Stoke Talmage : St Mary Magdalene

Stoke Talmage
Grade II listed.
C13 origins although rebuilt C18. Building materials consist of limestone rubble with ashlar dressings. The roof is gabled and of tile. It is built in Gothic Revival style
Features include a C19 vestry, south porch and north aisle. There is also a chancel and single-aisled nave with a west tower.
Windows are Perpendicular style and contain lots of examples of ‘Y’ tracery. The west tower contains C13 reset lancet windows.
The south porch is gabled with a double chamfered doorway.

Decorated-style piscine with a mid C19 chancel arch. The foliate capitals are C13.
Most of the fixtures and fittings (including a pulpit, lectern and pews) are C19.

Stonesfield : Methodist Church

The church was built in 1867 by the Wesleyan Methodists at a time when both Primitive Methodists and Wesleyan Methodists were flourishing in the village. It replaced the 1853 chapel nearby, which continued in use as a Sunday school and temperance hall. The church has a lofty and steeply pitched roof of Stonesfield slates and is visible from afar.

Stonesfield : St James Great

St James the Great was built in the early 13th century and contains some fine Early English work. The west tower was heightened in the 15th century and contains a ring of six bells. It is still a prominent landmark. The church is roofed with Stonesfield slates, mined in the village.

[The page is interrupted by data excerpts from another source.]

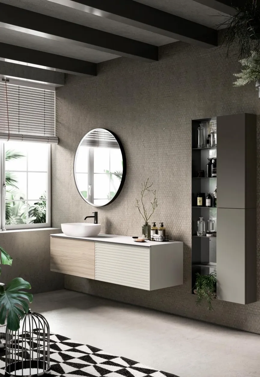 - Waschtischunterschrank mit Auszug mit Fronttype Stripes in weiß matt lackiert
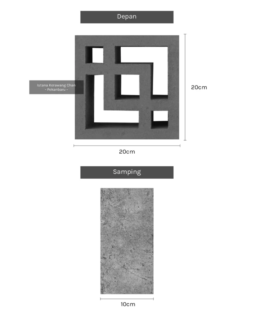 / Roster 1 Muka / Oleh Roster Beton 1 Muka Model 12 PANJANG : 20cm l LEBAR : 20cm l TEBAL : 10cm Harga : Rp 10.000 Pesan Sekarang Info : – Pemesanan QTY Dibawah 100pcs harga: Rp 10.000 – Pemesanan QTY 100pcs s/d 300pcs, harga : Rp 9.500 – Pemesanan diatas 300pcs harga : Rp 9.000 – Pemesanan di luar kota Pekanbaru akan dikenakan biaya tambahan Metode Pembuatan: Cetak tumbuk manualAplikasi: Dinding pemisah / penyekat ruang semi-terbuka, Ventilasi dinding / lubang udara, Fasad / elemen dekoratif eksterior, Dinding taman / sekat halaman, Atap semi-terbuka atau kanopi kerawang, pagar beton minimalis, dll. Detail : Rekomendasi Susunan : Galeri :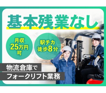 <横浜市鶴見区>月収25万円可☆物流倉庫でフォークリフト業務◎駅チカ徒歩8分♪基本残業なし!経験活かせる!【履歴書不要☆オンライン面接OK】【入社キャンペーン実施中!】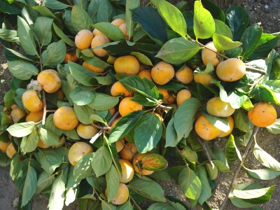 また、正門左の「きねんの庭」の「柿」を管理作業員さんと収穫しました。柿にはざっと1000もの種類があり、主流は渋柿で、甘柿はその突然変異ということです。学校の柿の木は、毎年秋には、たわわな実をつけていますが、いわゆる「渋柿」で、シブ抜きをしないと食べれません。干し柿にして食べるそうです。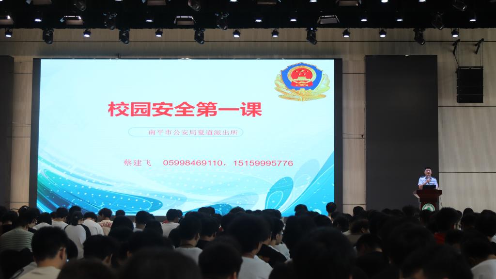 讲座特邀南平市公安局夏道派出所的蔡建飞警官担任主讲嘉宾。蔡警官以其丰富的实践经验和深入浅出的讲解方式,赢得了在场师生的热烈掌声。他首先强调了校园安全的重要性,并详细介绍了反诈APP的功能和使用方法,鼓励同学们积极下载并安装,以提高自身防范电信网络诈骗的能力。
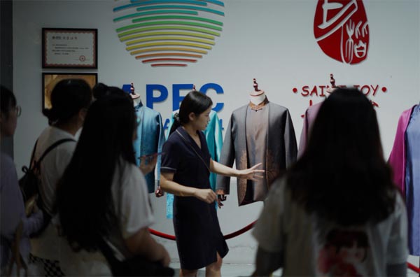 圖為“上久楷”企業工作人員為實踐團成員講解APEC“新中裝”
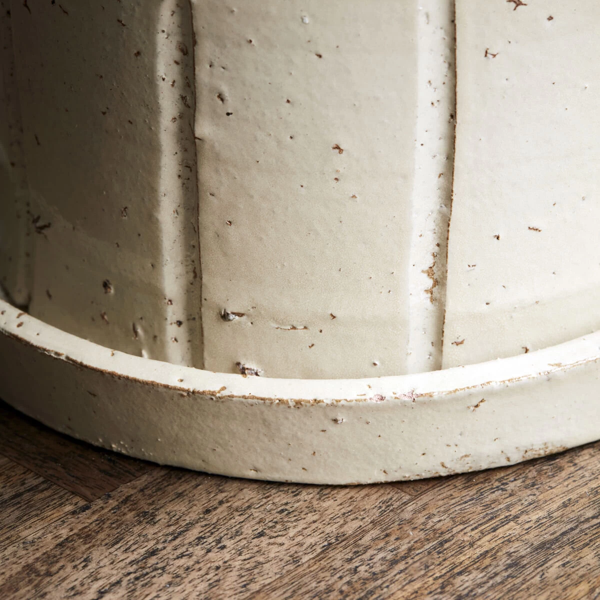 Travaillé dans un grès du plus bel effet, il affiche un charme authentique et intemporel. On aime son fini moucheté et légèrement irrégulier et la bordure cannelée.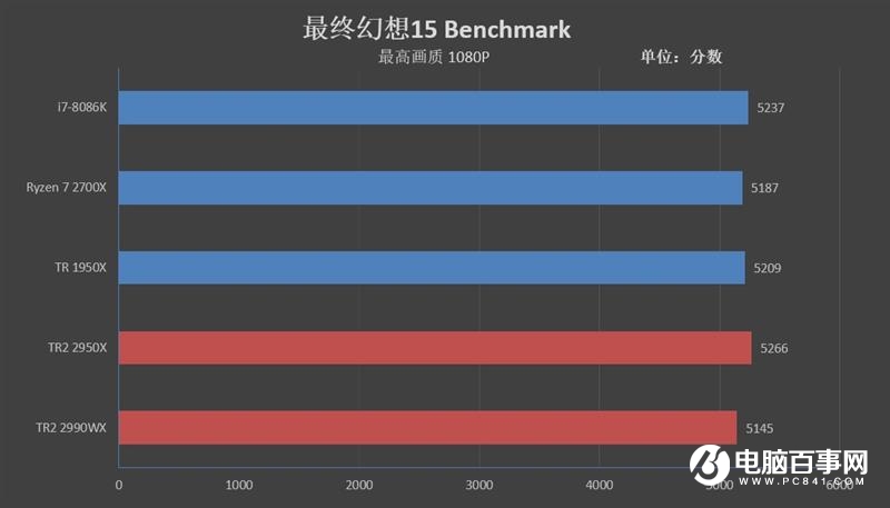 《最終幻想15》是一款較為依賴顯卡性能的游戲,以上5款處理器表現基本一致,沒有太大差別,其中2950X成績略微領先其他四款處理器。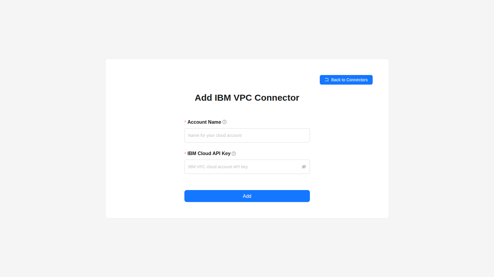 Adding an IBM Cloud VPC Connector
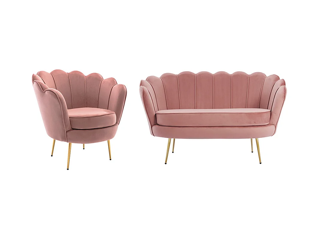 Sofá de 2 lugares e poltrona forma de concha veludo cor-de-rosa - DANDELION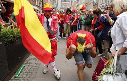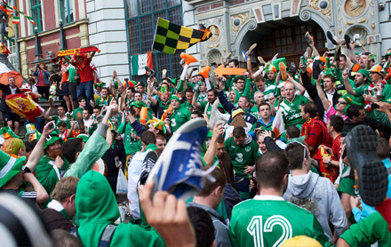 Spanske og irske fans... Læg mærke til, at der flyver sko til højre og venstre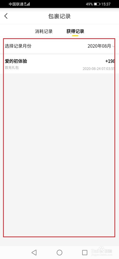 第五步点击获得记实,我们也可以看到包裹的获得记实,按照需要查看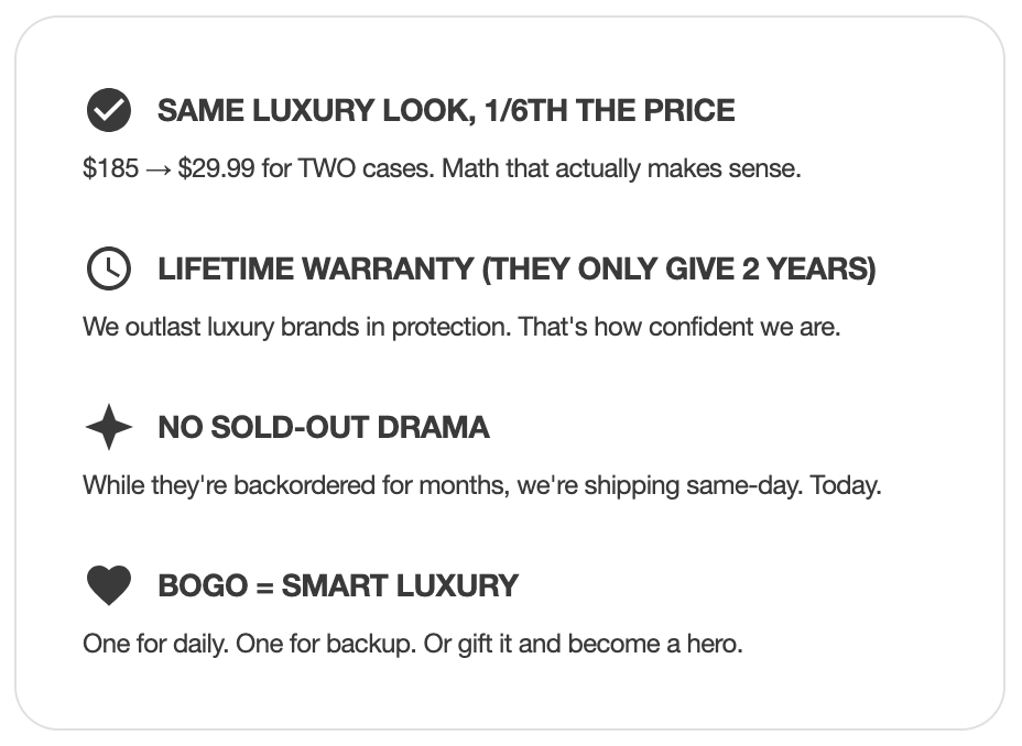 Fun fact: The $185 version also has lifetime warranty. So do we. Same protection. Same promise. $155 less. We just don't make you pay for the brand name.

Stonor : Chapel of the Blessed Trinity

The original Chapel of the Holy Trinity was built on the site of a prehistoric Stone Circle. Mass has been celebrated in the Chapel since medieval times. Stonor will forever be remembered for its association with the Catholic martyr Edmund Campion who produced his famous pamphlet ‘Ten Reasons’ in secret at the house.

Stratton Audley : St Mary and St Edburga

Stratton Audley
The Church is a Grade 1 listed building without Victorian ‘improvement’. Evidence of Saxon origins with 13th – 15th century development. Features include 13th and 14th century arcades and 14th century traceried windows, a beautiful Jacobean pulpit, medieval font and a crevence table of 1636.